(Entries supplied)

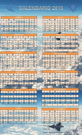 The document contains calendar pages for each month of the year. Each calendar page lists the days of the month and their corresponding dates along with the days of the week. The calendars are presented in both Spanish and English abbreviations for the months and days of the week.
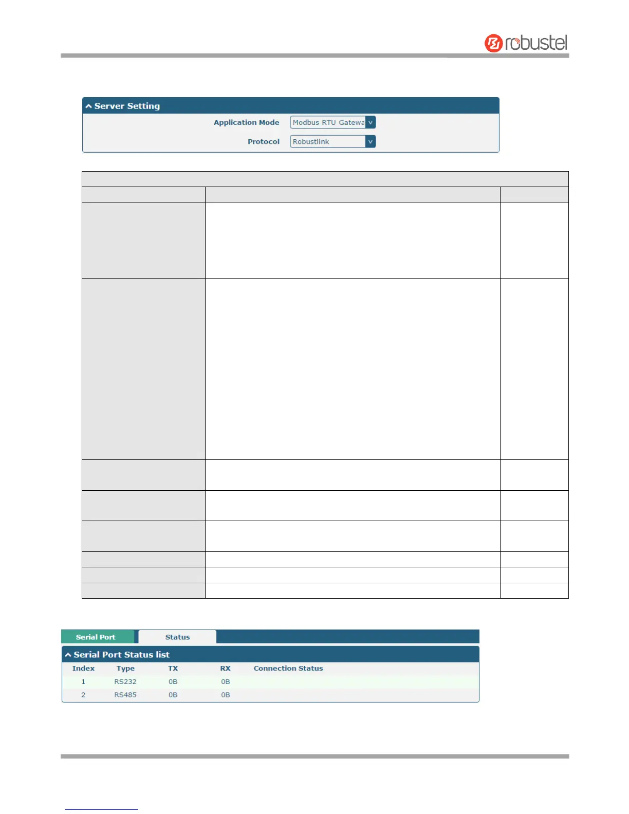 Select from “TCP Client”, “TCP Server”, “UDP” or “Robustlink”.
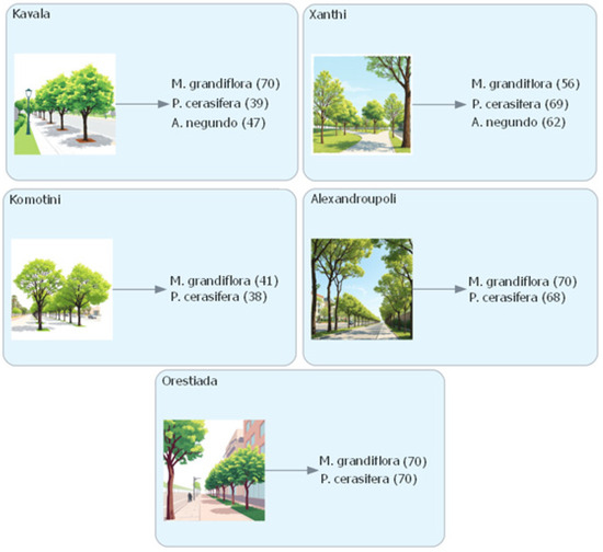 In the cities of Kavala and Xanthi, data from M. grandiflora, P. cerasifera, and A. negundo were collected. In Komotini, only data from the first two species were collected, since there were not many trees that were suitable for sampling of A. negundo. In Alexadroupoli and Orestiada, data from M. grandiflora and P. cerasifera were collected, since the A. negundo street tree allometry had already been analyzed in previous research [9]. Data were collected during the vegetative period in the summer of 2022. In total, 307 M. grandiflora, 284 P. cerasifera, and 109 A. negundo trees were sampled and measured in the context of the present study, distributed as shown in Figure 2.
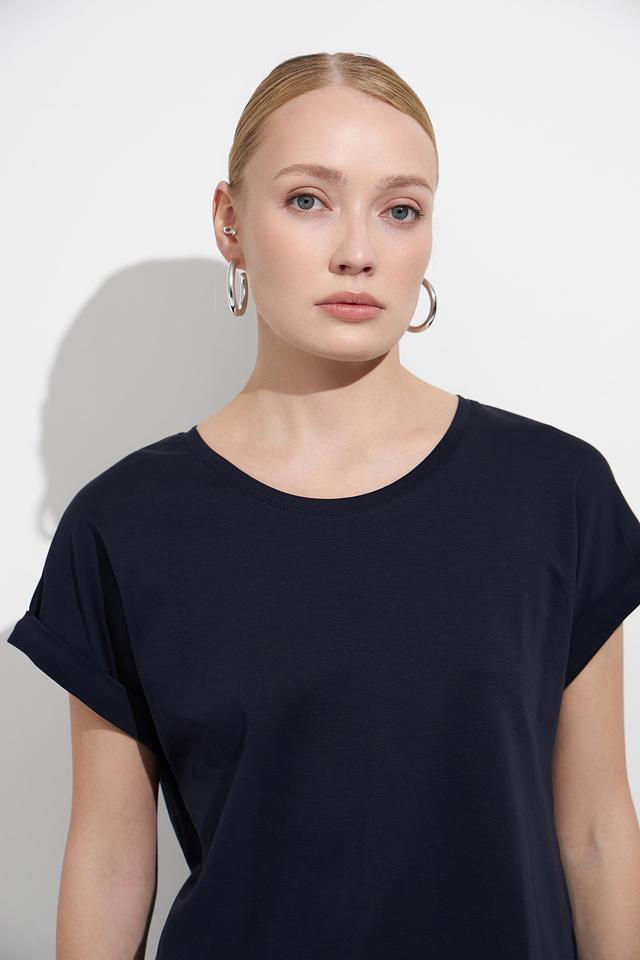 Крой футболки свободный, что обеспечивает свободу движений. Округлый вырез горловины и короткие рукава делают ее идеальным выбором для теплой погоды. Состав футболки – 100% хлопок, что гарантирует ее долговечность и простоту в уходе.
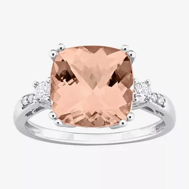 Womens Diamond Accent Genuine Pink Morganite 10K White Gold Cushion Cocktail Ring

(End Entries supplied)
(Entries supplied)

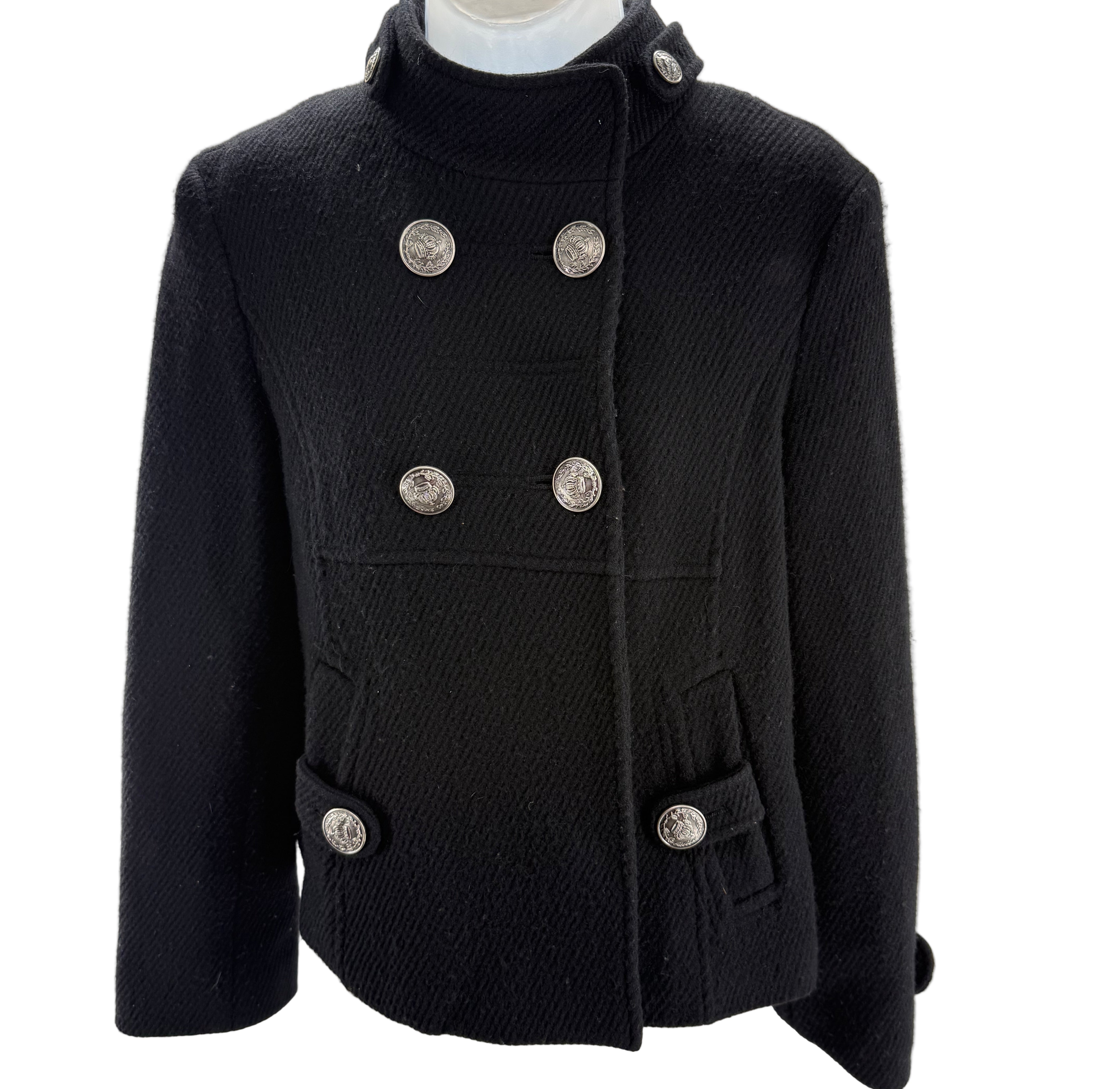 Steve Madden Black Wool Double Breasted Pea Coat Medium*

(End Entries supplied)
(Entries supplied)

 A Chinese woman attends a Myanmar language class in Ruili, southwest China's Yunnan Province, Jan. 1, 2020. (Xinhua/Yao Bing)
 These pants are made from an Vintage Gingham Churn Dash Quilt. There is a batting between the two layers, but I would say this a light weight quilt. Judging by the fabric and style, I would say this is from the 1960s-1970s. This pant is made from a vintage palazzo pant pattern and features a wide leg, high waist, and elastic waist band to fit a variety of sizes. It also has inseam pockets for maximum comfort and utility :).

(End Entries supplied)

* What to produce
When you reach the line with "The document contains" in the records above, begin repeating the lines exactly, and stop after the line with "Womens Diamond Accent". Skip all pictures.

* Solved exercise
 The document contains calendar pages for each month of the year. Each calendar page lists the days of the month and their corresponding dates along with the days of the week. The calendars are presented in both Spanish and English abbreviations for the months and days of the week.
 Select from “TCP Client”, “TCP Server”, “UDP” or “Robustlink”.
 In the cities of Kavala and Xanthi, data from M. grandiflora, P. cerasifera, and A. negundo were collected. In Komotini, only data from the first two species were collected, since there were not many trees that were suitable for sampling of A. negundo. In Alexadroupoli and Orestiada, data from M. grandiflora and P. cerasifera were collected, since the A. negundo street tree allometry had already been analyzed in previous research [9]. Data were collected during the vegetative period in the summer of 2022. In total, 307 M. grandiflora, 284 P. cerasifera, and 109 A. negundo trees were sampled and measured in the context of the present study, distributed as shown in Figure 2.
 Крой футболки свободный, что обеспечивает свободу движений. Округлый вырез горловины и короткие рукава делают ее идеальным выбором для теплой погоды. Состав футболки – 100% хлопок, что гарантирует ее долговечность и простоту в уходе.
 Womens Diamond Accent Genuine Pink Morganite 10K White Gold Cushion Cocktail Ring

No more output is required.